The Tribunal is bound by the very strict time limit set out in Section 9(2) of the Unfair Dismissals At 1977. This time limit is not technical and not intended to be observed in spirit only. This is a strict and exacting time limit which does not allow for discretion.
The onus is on the appealing parties to get notice of intention of appeal within six weeks of the date on which the Rights Commissioner recommendation is communicated to the parties.
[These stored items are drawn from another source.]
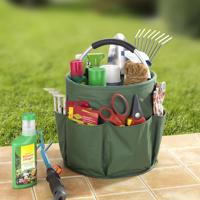 Tento organizér je pro zahrádkáře nepostradatelný! Díky tomuto pomocníkovi budete mít vždy všechno potřebné při ruce – zahradnické nůžky, lopatky, hrabičky atd. Univerzální úložný koš nabízí nejen prostor pro zahradnické pomůcky, je také vhodný pro shromažďování odpadu. Jeden velký košík a 6 bočních kapsiček. S hliníkovou rukojetí. Pro pořádek na zahrádce i v domácnosti. Rozměry: (v x Ø): 280 x 265 mm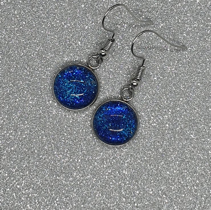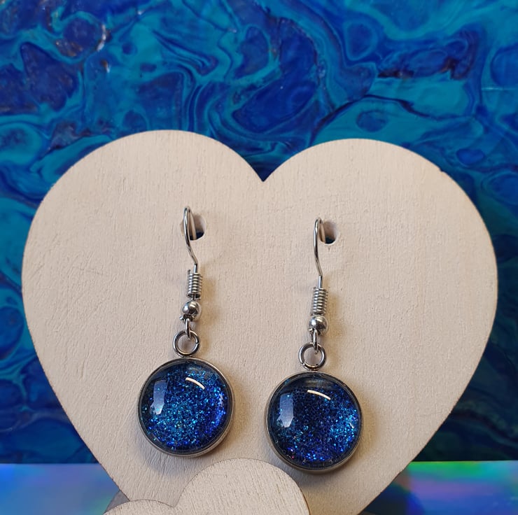1 set of 12mm glitter drops with stainless steel and rubber backs. This set includes turquoise/royal blue glitter. This set is made with glitter and glass cabochon. All my items are gift wrapped and can include a message if sending as a gift. Please send me a message with details if required, including the Item Title. My items are posted in an environmentally friendly recyclable jiffy bag.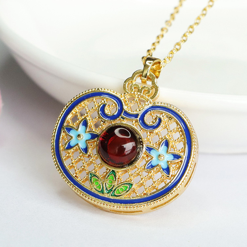 Полый кулон с цветком Ruyi из кровавого янтаря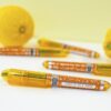 La felicidad está hecha de pequeños momentos, que no se te escape ninguno con este original bolígrafo solidario súper cítrico, en tonos amarillos y plata.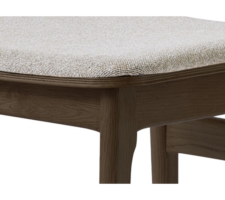Konštrukcia stoličky je vyrobená z masívneho dubového dreva s povrchovou úpravou v tmavom čokoládovo hnedom tóne. Tá zvýrazňuje prirodzenú kresbu dreva a podčiarkuje jeho prírodný charakter.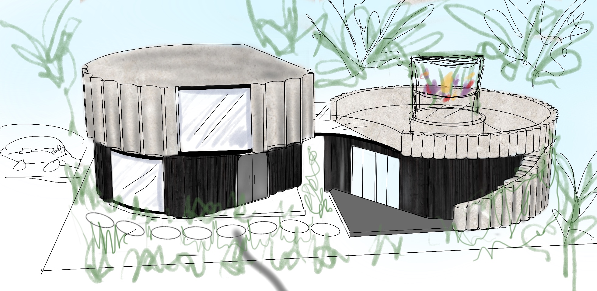 using the first image as the exact geometric and camera reference render it into a fully realistic residential home that matches the material language lighting and realism of the second image maintain the same camera angle perspective proportions and massing as the first image do not rotate reframe or change viewpoint apply the same materials and finishes seen in the realistic reference ribbed concrete or stone cladding dark metal vertical fins at the lower level smooth curved upper volume realistic glass with reflections and subtle weathering set the project in los angeles with sunny clear skies warm afternoon light soft shadows and birds flying overhead add landscaping consistent with southern california low shrubs grasses palms include a modern car parked in the left parking lot only aligned with the site plan the building should read as a high end contemporary home photorealistic architectural visualization quality ultra detailed textures realistic scale natural lighting depth and atmosphere no abstraction no sketch lines no diagram colors photorealistic render only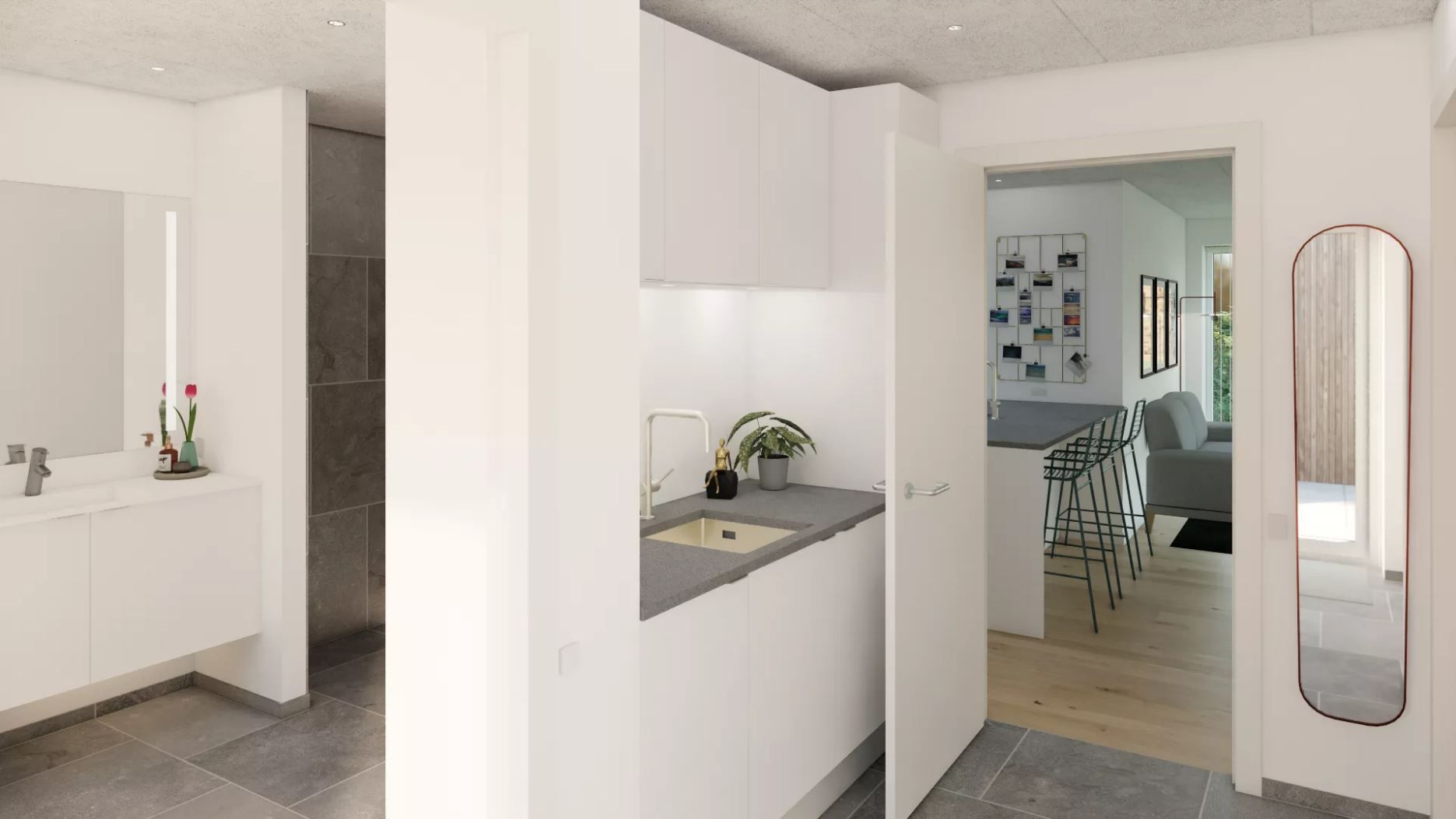 Indenfor træder du ind i en lys entré, hvorfra der er adgang til boligens badeværelse i stueplan. Herfra fortsætter du direkte ind i boligens naturlige samlingspunkt – det åbne køkken-alrum og stue.

The intention must be notified to the Tribunal as well as the other party.
In the circumstances before the Tribunal herein the six week period started on the 2nd of April 2012 and expired on the 14th of May 2012.
The evidence before the Tribunal is that the Tribunal was notified on the much later date of the 6th of June 2012 some three weeks late.
The Tribunal notes that the appellant prepared, signed and dated the T1A form on or about the 26th of April 2012 and do not doubt that it was the appellant’s intention to send the said T1A form in due course. However the appellant cannot specifically recall sending the form, cannot specifically recall where the form was sent to and where sent from. The appellant also cannot recall when he prepared the covering letter accompanying the form.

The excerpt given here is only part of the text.